Washington, DC 20549





Pursuant to Section 13 or 15(d) of the Securities Exchange Act of 1934


Date of Report (Date of earliest event reported): March 27, 2018



(Exact name of registrant as specified in its charter)


Delaware   001-35898   27-4749725
(State or other jurisdiction
of incorporation)
File Number)
  (IRS Employer
Identification No.)


96 Morton Street, 9th Floor, New York, New York   10014
(Address of principal executive offices)   (Zip Code)


Registrant’s telephone number including area code: (212) 261-9000



(Former name or former address, if changed since last report)


Check the appropriate box below if the Form 8-K filing is intended to simultaneously satisfy the filing obligation of the registrant under any of the following provisions:


Written communications pursuant to Rule 425 under the Securities Act (17 CFR 230 .425)


Soliciting material pursuant to Rule 14a-12 under the Exchange Act (17 CFR 240.14a-12)


Pre-commencement communications pursuant to Rule 14d-2(b) under the Exchange Act (17 CFR 240.14d-2(b))


Pre-commencement communications pursuant to Rule 13e-4(c) under the Exchange Act (17 CFR 240.13e-4(c))


Indicate by check mark whether the registrant is an emerging growth company as defined in Rule 405 of the Securities Act of 1933 (§230.405 of this chapter) or Rule 12b-2 of the Securities Exchange Act of 1934 (§240.12b-2 of this chapter).


Emerging growth company   


If an emerging growth company, indicate by check mark if the registrant has elected not to use the extended transition period for complying with any new or revised financial accounting standards provided pursuant to Section 13(a) of the Exchange Act.   
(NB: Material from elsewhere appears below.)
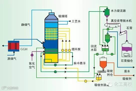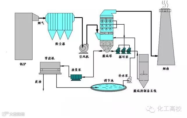 双碱法脱硫系统-湿法脱硫工艺流程图
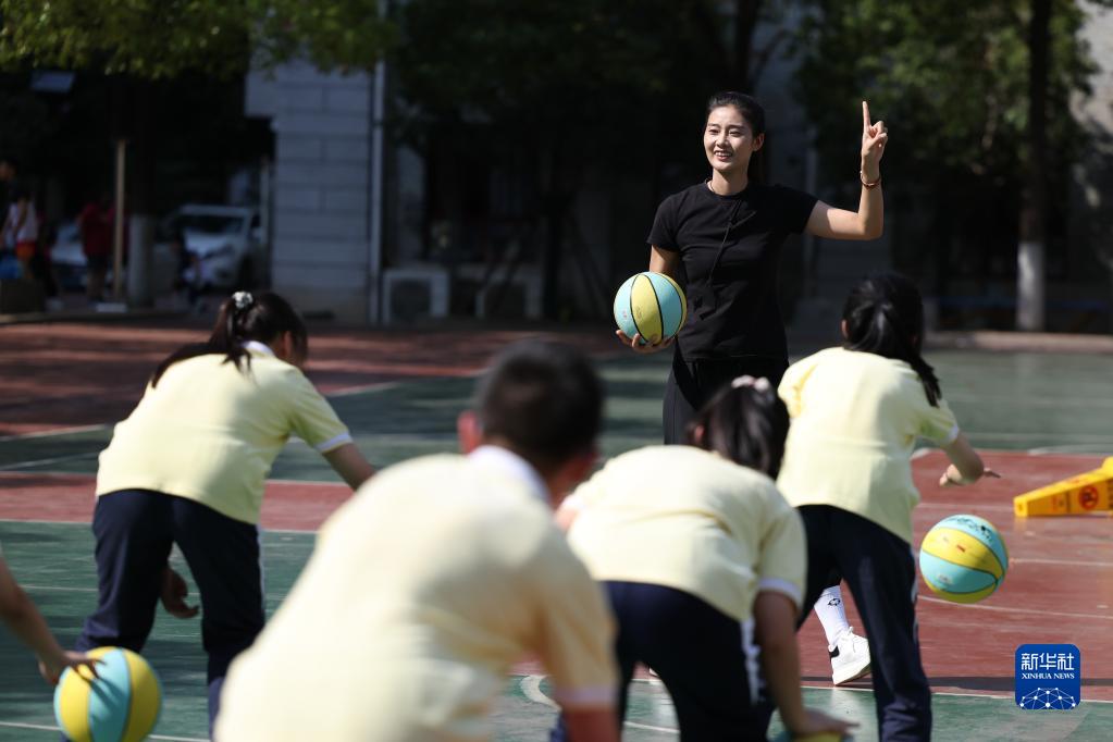 9月6日,于紅?。ê螅┰陂L沙市明德華興中學給學生上體育課。

Item 1.01 Entry into a Material Definitive Agreement.


On March 27, 2018, Lindblad Expeditions Holdings, Inc. (the “Company”) and certain of its subsidiaries entered into a Third Amended and Restated Credit Agreement (the “Amended Credit Agreement”) with Credit Suisse A.G., Cayman Islands Branch (“Credit Suisse”) as Administrative Agent and Collateral Agent, providing for a refinancing and amendment of the terms of the Company’s existing secured credit facility (the “Superseded Agreement”).


The Amended Credit Agreement provides for a $200.0 million senior secured first lien term loan facility (the “Term Facility”), which represents an increase of $25.0 million from the senior secured first lien term loan facility under the Superseded Agreement. Consistent with the Superseded Agreement, the Amended Credit Agreement also provides for a $45.0 million senior secured incremental revolving credit facility (the “Revolving Facility”), which includes a $5.0 million letter of credit sub-facility. The Company’s obligations under the Amended Credit Agreement remain secured by substantially all of the assets of the Company.


Borrowings under the Term Facility will bear interest at an adjusted ICE Benchmark administration LIBOR plus a spread of 3.50%, which steps down to 3.25% if the Company’s debt rating from Moody’s and S&P are both B1 (stable) or better and BB (negative) or better, respectively. Borrowings under the Revolving Facility will bear interest at an adjusted ICE Benchmark administration LIBOR plus a spread of 3.00%, or, at the option of the Company, an alternative base rate plus a spread of 2.00%. The Company is also required to pay a 0.5% annual commitment fee on undrawn amounts under the Revolving Facility.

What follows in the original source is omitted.